Rhodes’ arrest was the first time the Justice Department brought a sedition charge against any of the Capitol invaders. 

“Rhodes and certain co-conspirators ... planned to stop the lawful transfer of presidential power by January 20, 2021, which included multiple ways to deploy force,” the indictment reads. “They coordinated travel across the country to enter Washington, D.C., equipped themselves with a variety of weapons, donned combat and tactical gear, and were prepared to answer Rhodes’ call to take up arms at Rhodes’ direction.”

On Nov. 5, 2020, Rhodes told an invitation-only message group of Oath Keepers leaders: “We aren’t getting through this without a civil war. Too late for that. Prepare your mind, body, spirit.”

Marche, a gifted writer and cultural commentator whose work has appeared in The New York Times, The Wall Street Journal, Esquire and The New Yorker, poses five potentially catastrophic scenarios, scenarios constructed from reviewing sophisticated predictive models, and from nearly two hundred interviews with military leaders, law enforcement officials, agricultural specialists, environmentalists, war historians, and political scientists. 

“Scholars of civil war, “Marche writes, “used to analyzing conflicts abroad, now see their established patterns replicating themselves identically in the world’s richest country, home to the most powerful military in human history.”
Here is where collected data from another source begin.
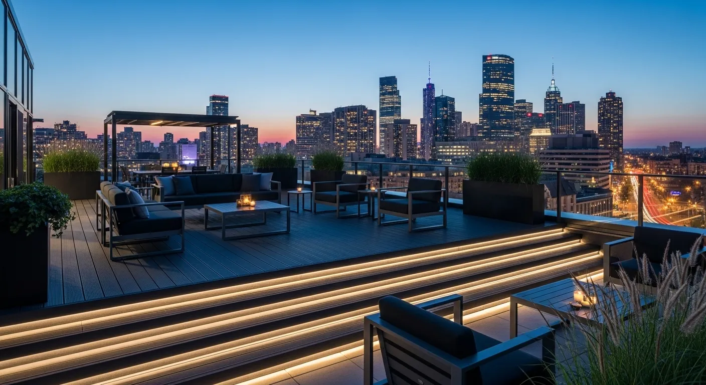 This terrace transforms after dark with integrated LED strip lighting built into wide steps that lead to an elevated lounge area. Deep toned seating contrasts against the glowing lines, and the city skyline sparkles in the distance. The layered levels give the space dimension and drama without clutter.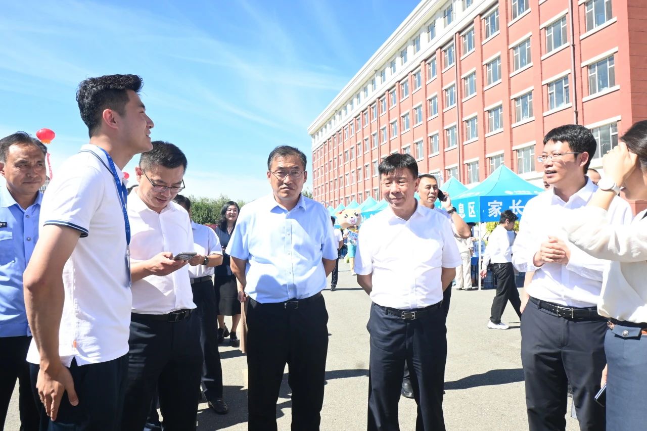 学校领导深入迎新现场,了解新生报道情况,关心慰问工作人员和志愿者,与新生及家长亲切交谈。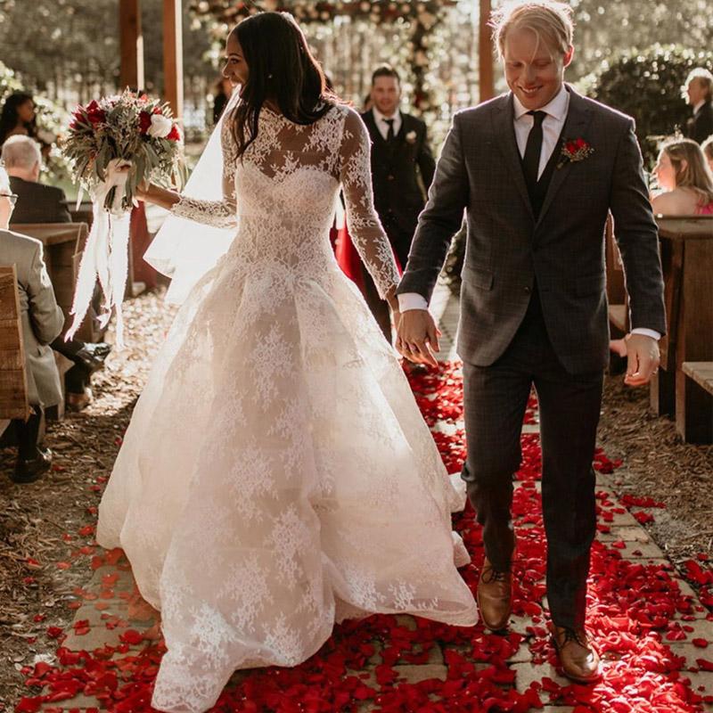 Jewel Neckline See Through Full Lace Ball Gown Wedding Dresses Lace Ball Gown Wedding Dress With Train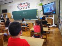 5年生と6年生が、新しいALTと初めての外国語の授業。この日は、ALTの自己紹介。次々と映し出される母国の動画や写真、ALTの家族や趣味、好きな食べ物の紹介に驚いたり、歓声を上げたり、憧れたり。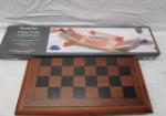 | Brookstone 3 ft tabletop cornhole game with wooden folding chess board. |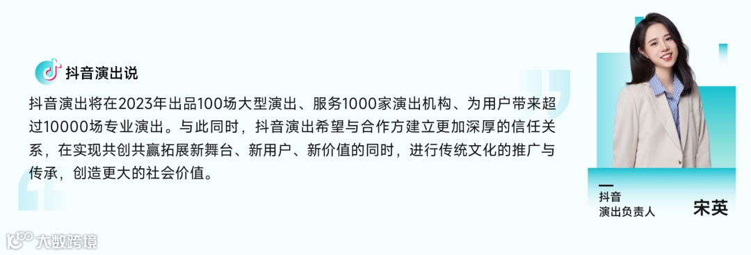 目前,抖音与 100+ 品牌、160+ 内容合作伙伴达成了演出直播的商业合作,过去一年,演出直播在 IP 收入中的占比提升 123%。2023年,抖音演出将出品 100 场大型演出、服务 1000 家演出机构、为用户带来超过 10000 场专业演出,为行业带来新舞台、新用户、新价值。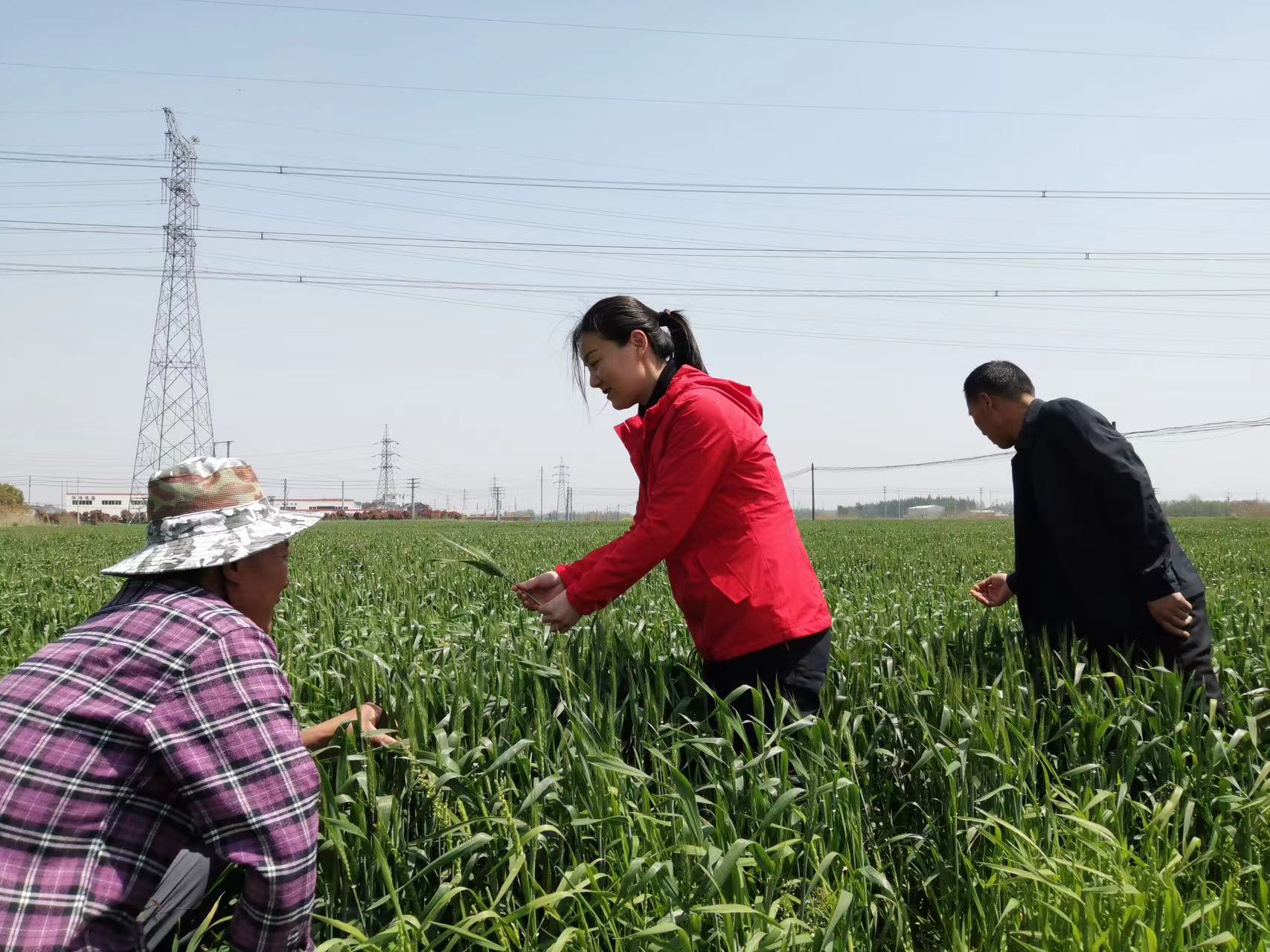 圖:鎮江新區農民在小麥抽穗揚花期田間勘察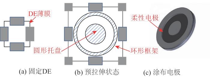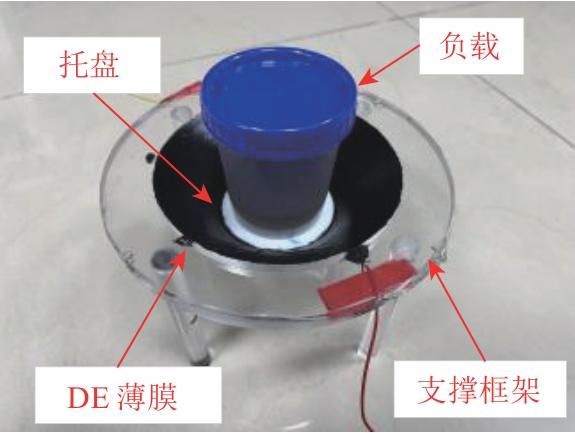 DEG的结构会影响其制作工艺、负载加载方式和发电性能等。本文设计了一种如图1所示的环形DEG。该环形DEG由4个部分组成:1)经过预拉伸的DE薄膜(型号为VHB 4910,未拉伸厚度为1 mm);2)柔性电极(型号为GV-919);3)圆形托盘(直径6 cm,厚度3 mm);4)支撑框架(内径12 cm)。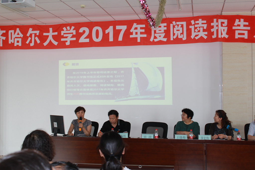 为了体现我校师生利用图书馆资源的情况,从不同的角度解读了我校师生的阅读倾向和阅读习惯,宋波用详实的数据讲解了2017年度齐齐哈尔大学阅读报告。报告中分别对纸质资源和数据库资源的使用情况进行了解读,充分分析了我校本科和研究生阅读现状。图书馆近两年用数据的方式发布了全校的阅读报告,这既是对图书馆一年工作的总结,也是对我校读书现状的数据支持。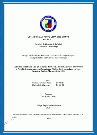Condición de salud oral en pacientes de 12 a 25 años con aparatos ortopédicos u ortodónticos que asisten a consultas en clínicas de Ortodoncia en La Vega durante el período mayo-junio 2025 / Camila Florentino Veloz, Karina Ruiz Guerrero; asesor Sandia López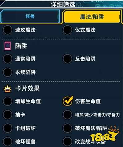 找这类卡的方法是在编辑卡组的时候,在筛选里可以看到魔法陷阱卡那里有个伤害生命值的分类,勾上就能看到这些卡了

As Carlos Lozada pointed out in his Washington Post review of Marche’s book , “To glimpse the coming dismemberment of the United States of America, just stop by your local bookstore.” Lozada writes:

How Civil Wars Start: And How to Stop Them,” by Barbara F. Walter, one of the most-discussed titles of the moment, warns that the signs typically heralding such conflicts are now evident at home. Divided We Fall by David French, published weeks before the 2020 election, pictures the cleaving of the United States into two culturally distinct states, united only in their mutual detestation. On the magazine racks, the Atlantic argues that the Jan. 6, 2021, assault on the Capitol was merely ‘practice’ for the more effective democratic subversion that’s now underway. And on the fiction shelves, you can pick up a paperback of Omar El Akkad’s 2017 novel, American War, a grim vision of environmental destruction, youth radicalization, internally displaced populations and biological warfare in the United States, a vision rendered less fashionable only by its timing (here, the second American civil war is not waged until the latter half of the 21st century).

Spoiler Alert: Marche’s book does not end in total despair:  “None of the crises described in this book are beyond the capacity of Americans to solve.  It would be entirely possible for the United States to implement a modern electoral system, to restore the legitimacy of the courts, to reform its police forces. …There is one hope, however, that must be rejected outright: the hope that everything will work out by itself, that America will bumble along into better times…”

While a full-fledged civil war seems unlikely at this point, there is no doubt that an emboldened and militant right wing will stage more vigilante actions similar to the plot to kidnap Gov. Gretchen Whitmer of Michigan. And a Republican Party totally consumed by seizing political power can move the country closer to a right-wing autocracy.

Interestingly, in Toronto’s Globe and Mail, Thomas Homer-Dixon, a scholar who studies violent conflict, recently urged the Canadian government to prepare for an American implosion. “By 2025, American democracy could collapse, causing extreme domestic political instability, including widespread civil violence,” he wrote. “By 2030, if not sooner, the country could be governed by a right-wing dictatorship.”